3.3.2. Sorption Isotherm

Sorption isotherms describe how dye molecules interact with a W-Bi sorbent, illustrating the relationship between the quantity of the dye molecules sorbed and its concentration in the surrounding phase at equilibrium. The results presented in Figure 8a,b show the plot of q_e versus c_e for the Langmuir and the Freundlich isotherm for dye removal using the W-Bi sorbent, respectively.
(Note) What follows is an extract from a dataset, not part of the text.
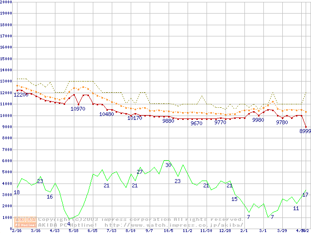 Travelstar 40GN (9.5mm,4200rpm,UltraATA/100,2MB,FDB,20GB/Platter)の最安値推移

The obtained parameter values presented in

Table 3. Isotherm parameters obtained for dye sorption using W-Bi sorbent.

Sorption Isotherm
Langmuir			Freundlich
qm (mg/g)	KL (dm3/mg)	r2	KF (mg/g)	n	r2
434.75	6.19	0.999	233.59	6.63	0.671

show that the r² obtained for the Langmuir model was 0.991, which was relatively higher than the r² for the Freundlich model, which was 0.999, meaning that the Langmuir model better fitted experimental data than the Freundlich model, which achieved a value of 0.671. This outcome means that for systems where adsorption sites are homogeneously distributed and a maximum capacity is reached, the Langmuir model can provide a more accurate representation of the adsorption process compared to the Freundlich model [41]. The maximal sorption capacity of the W-Bi sorbent for reactive blue 19 calculated from Langmuir model was 434.75 mg/g.

4. Conclusions

The morphology analysis revealed that the W-Bi sorbent consists of particles approximately 1 mm in size, featuring cell-like units around 100 µm in diameter, each with holes of about 1 µm. The chemical analysis confirmed that the W-Bi sorbent consisted of 23.4% carbon, 57.9% oxygen and 18.7 bismuth. The mineral analysis proved that the W-Bi sorbent has an amorphous structure, meaning that Bi₂O₃ does not appear as a separate or individual form on the W-Bi sorbent surface. Surface area measurements showed that the W-Bi sorbent has a BET surface area of 1.70 m²/g with a BJH pore size distribution of 7.11 nm and BJH pore volume of 0.0033 cm³/g. The sorption study of dye using the W-Bi sorbent confirmed that removal efficiency increased from 0 to 95.3% in less than 20 min, reaching equilibrium for 60 min, and the maximal dye uptake was achieved at a pH of 2.0, with a 2.0 g/dm³ sorbent dose at lower tested dye concentrations from 50.0 to 500.0 mg/dm³. The desorption study showed that dye removal efficiency using the W-Bi sorbent was reduced from 100 to 80.5%, after six sorption–desorption cycles. Kinetics and isotherms studies revealed that the data were best fitted to pseudo-second order model (r² ≥ 0.99) and Langmuir model (r² ≥ 0.99), indicating that the process occurs in the monolayer form and the dye sorption depends on the active sites of the sorbent surface. The maximal sorption capacity of the W-Bi sorbent for dye was 434.75 mg/g. All these results suggest that the W-Bi sorbent could be a viable option for reactive blue 19 dye removal from polluted waters or wastewaters, particularly in the textile industry, where wastewater often contains significant levels of dye.